This is a basic guide to LlamaIndex's Text-to-SQL capabilities. 
1. We first show how to perform text-to-SQL over a toy dataset: this will do "retrieval" (sql query over db) and "synthesis".
2. We then show how to buid a TableIndex over the schema to dynamically retrieve relevant tables during query-time.
3. We finally show you how to define a text-to-SQL retriever on its own. 

If you're opening this Notebook on colab, you will probably need to install LlamaIndex 🦙.

In [None]:
%pip install llama-index-llms-openai

In [None]:
!pip install llama-index

In [None]:
import os
import openai

In [None]:
os.environ["OPENAI_API_KEY"] = "sk-.."
openai.api_key = os.environ["OPENAI_API_KEY"]

In [2]:
from IPython.display import Markdown, display

import logging
import sys

# logging.basicConfig(level=logging.DEBUG)
# logging.basicConfig(stream=sys.stdout, level=logging.DEBUG)
# logging.getLogger().addHandler(logging.StreamHandler(stream=sys.stdout))

### Create Database Schema

We use `sqlalchemy`, a popular SQL database toolkit, to create an empty `city_stats` Table

In [3]:
from sqlalchemy import (
    create_engine,
    MetaData,
    Table,
    Column,
    String,
    Integer,
    select,
)

In [4]:
engine = create_engine("sqlite:///:memory:")
metadata_obj = MetaData()

In [5]:
# create city SQL table
table_name = "city_stats"
city_stats_table = Table(
    table_name,
    metadata_obj,
    Column("city_name", String(16), primary_key=True),
    Column("population", Integer),
    Column("country", String(16), nullable=False),
)
metadata_obj.create_all(engine)

### Define SQL Database

We first define our `SQLDatabase` abstraction (a light wrapper around SQLAlchemy). 

In [6]:
from llama_index.core import SQLDatabase
# from llama_index.llms.openai import OpenAI

In [1]:
import sys,os
os.environ["HF_HOME"] = "/home/jeffye/.cache/huggingface_speed"
os.environ["HF_ENDPOINT"] = "https://hf-mirror.com"
# os.environ['HTTP_PROXY'] = "192.168.1.45:10809"
# os.environ['HTTPS_PROXY'] = "192.168.1.45:10809"
# os.environ["HF_HUB_CACHE"] = "/home/jeffye/.cache/huggingface_hub"

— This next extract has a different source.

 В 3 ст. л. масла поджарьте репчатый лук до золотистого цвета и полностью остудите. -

from llama_index.core import Settings
from llama_index.llms.huggingface import HuggingFaceLLM

from llama_index.core.prompts.base import PromptTemplate
import torch
import logging
import sys
from functools import partial

# logging.basicConfig(stream=sys.stdout, level=logging.DEBUG)
# logging.getLogger().addHandler(logging.StreamHandler(stream=sys.stdout))

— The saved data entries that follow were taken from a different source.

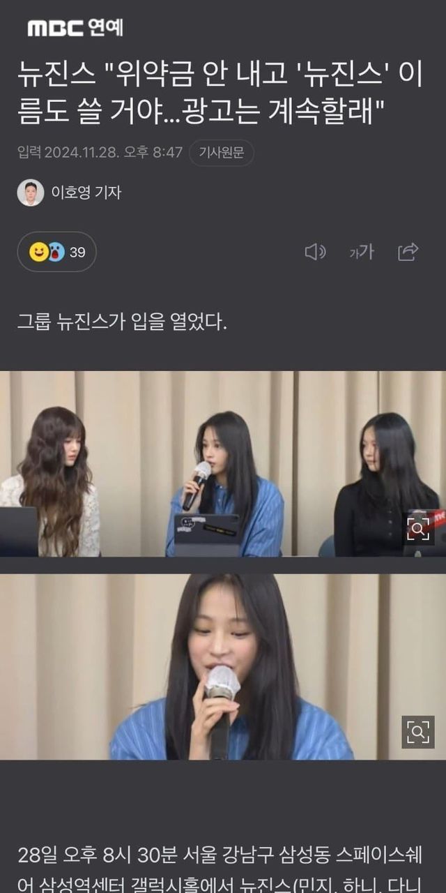 기자 : 계약해지는 적법한 법적 절차를 통해서 상호간에 합의를 해서 해야하고 그룹명은 어도어건데요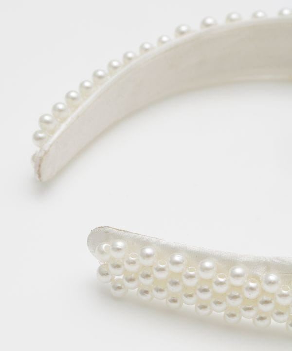 大粒のパールを贅沢に配したカチューシャ。幅広のフォルムがヘアアレンジを華やかに引き立て、アクセサリー感覚で楽しめる一品。シンプルな服に映えるアイキャッチな存在感。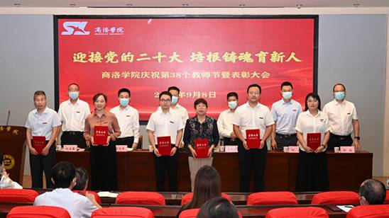 大会对我校2022年先进集体、2021年度目标责任考核先进单位,荣获2022年陕西省师德标兵、“陕西省五一巾帼标兵”、 “陕西省教科文卫体系统五一巾帼标兵”的优秀教师,学校2022年优秀教师、优秀教育工作者、师德先进个人获得者,以及在教学、科研和学生工作中取得突出业绩的教师进行了表彰。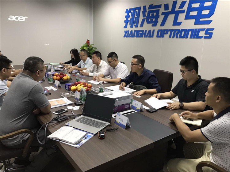 2018年11月22日上午佛山市南海区投资促进局副局长高瑞灵、陈剑勋等考察成员在佛山市南海区里水镇招商局周可局长的陪同下对翔海光电公司进行考察。 公司领导曹展豪、钱庆等亲自接待并进行亲切座谈,在座谈会上钱总对公司的发展进行详细的解说,并解答考察团成员提出的所有问题;会议中曹总和钱总就公司发展阶段对政府部门所提供的支持提出实际期望想法。

# os.environ["MODELSCOPE_CACHE"] = "D:/dataset/cache/modelscope/"
# from llama_index.llms.modelscope import ModelScopeLLM
from llama_index.embeddings.huggingface import HuggingFaceEmbedding

from llama_index.core.callbacks import (
    CallbackManager,
    LlamaDebugHandler,
    CBEventType,
)

from llama_index.callbacks.aim import AimCallback

aim_callback = AimCallback(repo="./")
# callback_manager = CallbackManager([aim_callback])


llama_debug = LlamaDebugHandler(print_trace_on_end=True)
callback_manager = CallbackManager([llama_debug, aim_callback])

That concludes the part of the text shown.